# Need easy help to "port" my Bible app to Freebsd



## hotlittlewhitedog (Apr 15, 2022)

Hi guys  

I'm new to FreeBSD and need a quick help (no coding, just info and maybe easy testing) to "port" my app to FreeBSD. 

The topo: 
My app exists on several packages: PyPI, Snap, Flatpak. 
It's a python app using ncurses and sqlite3. 
The app is of course free and under GPL3. 








						hotlittlewhitedog / BibleMultiTheSonOfMan · GitLab
					

Bible multi languages for Terminal.
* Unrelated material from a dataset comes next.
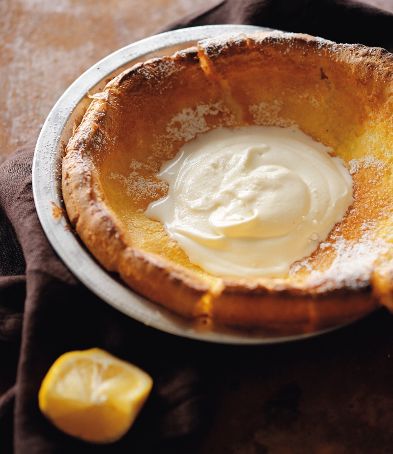 5 趁熱擠入檸檬汁並篩撒上糖粉,再將鮮奶油與砂糖打發成7 分的鮮奶油霜,並放入鬆餅中即可。(淋上楓糖漿也非常美味。)

Easy to use with quick searches, parables, articles, cross references.




					gitlab.com
				




I installed a virtualbox with FreeBSD with python38, sqlite3, pip (as root).
When starting the app as a user, I need your help because I have a R/W error. 
In fact the app needs to copy the INI file and the DB in a user folder for read/write accesses.
I solved the problem of sandbox on Linux, Mac. 
As Python supports FreeBSD and the app seems working, I could support your OS without too much work.

Actually, the app was installed in /usr/home/<user> on FreeBSD. 
i don't know if it's correct, can someone help me? 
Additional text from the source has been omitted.